As for the cost the patientline, yes I agree, its truly disgusting for them to take advantage of a captive audience. To play devils advocate at the time that they were installed it looked really good...A personal television, internet access, radio, telephone for each patient. But then you find out it costs easily £5 a day to pay for it! Now, the reason for the patientline units is again down to poor management decisions by those in suits and pressure to do it due to financial restrictions. If I remember right each unit cost £400 but was provided free by patientline, as well as them paying for the contract. So the NHS makes a few quid out of the deal to help fund services but then the patients get stung (if they choose to use the service).
Its a kin to the parking sutuation at the hospital I work at now. The NHS sold the contract to a private parking firm who throw tickets around like they are confetti but even forgetting that I think its disgusting that staff should have to pay to park at work let alone patients and visitors!
The point I am making is that all these things and most of the problems we all encounter with the NHS are due to insufficient funding and poor management decisions. IT IS NOT THE FAULT OF THE DOCTORS, NURSES OR OTHER HCP's - they just have to work in this shambles and try to do the best job they can in spite of being severley restricted and bound by poor management, goverment targets and crippled budget. If you want something done about it start saving for private healthcare or VOTE because its not getting any better.
 
YES EXACTLY! but you DO have a choice. You can vote/campaign against continuous cuts by the government(s) or you can accept the NHS as-is and start paying out of your own pocket for private health care. It shouldn't be like that BUT IT IS. I won't be suprised when in the not so distant future your free health care will cover A&E and lifesaving treatments only and trips to the GP will have to be paid for as will pretty much else.

Except the NHS has been pretty much this way for years, so to blame it on the current government is a little odd.

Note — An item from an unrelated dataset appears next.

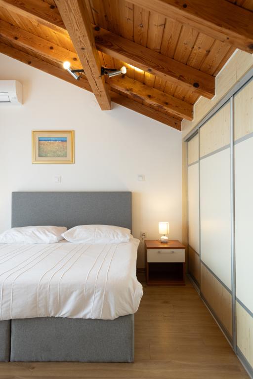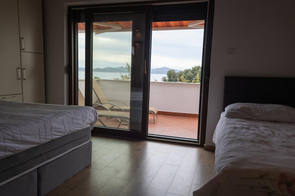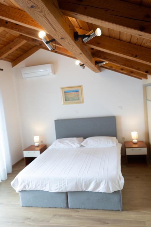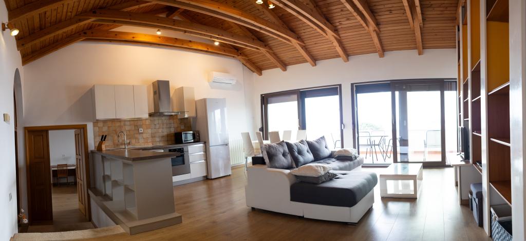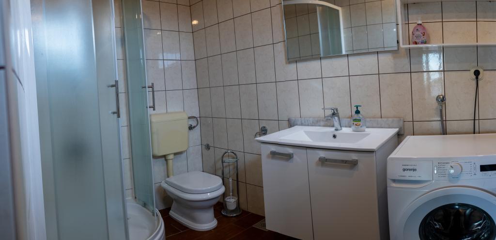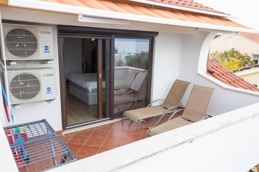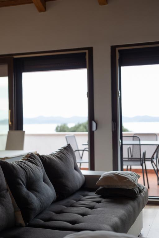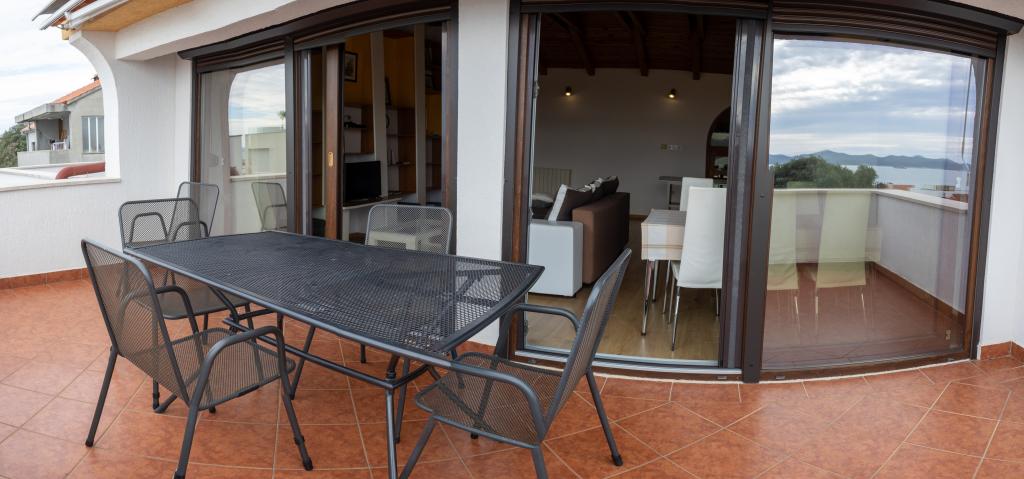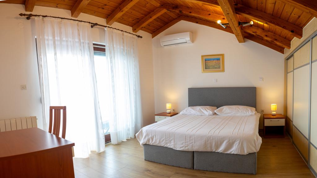 Amplio apartamento de 3 habitaciones (100 m²) en la segunda planta de la casa rústica Anica, ubicada en la tranquila localidad de Diklo, a tan solo 6 km del centro de Zadar y a 150 m del mar. El apartamento está equipado con un moderno salón-comedor (38 m²) con TV vía satélite, aire acondicionado y acceso a una terraza con vistas al mar. Dos cómodas habitaciones ofrecen alojamiento flexible: una con cama de matrimonio y la otra con una cama individual y una de matrimonio, además de baño privado con ducha. Ambas disponen de aire acondicionado y acceso a una terraza. La cocina americana, totalmente equipada, incluye horno, lavavajillas, vitrocerámica, microondas y cafetera. También hay un baño adicional con ducha y lavadora a disposición de los huéspedes. Tres terrazas orientadas al sur, amuebladas, ofrecen magníficas vistas al mar y son el lugar perfecto para relajarse. Los huéspedes tienen acceso a un amplio jardín vallado (1000 m²) con césped, barbacoa, parque infantil con columpio y aparcamiento en la propiedad.

The point I am making is that all these things and most of the problems we all encounter with the NHS are due to insufficient funding and poor management decisions. IT IS NOT THE FAULT OF THE DOCTORS, NURSES OR OTHER HCP's - they just have to work in this shambles and try to do the best job they can in spite of being severley restricted and bound by poor management, goverment targets and crippled budget. If you want something done about it start saving for private healthcare or VOTE because its not getting any better.

So the main problem with the NHS is funding? Why then did we not see a massive increase in the service provided by the NHS when their budget was massively increased?
 
If you re read my posts more carefully you will see I am not specifically blaming THIS government and funding is meerely ONE of the problems I state.

EDIT: What reasons do you think are to blame out of interest?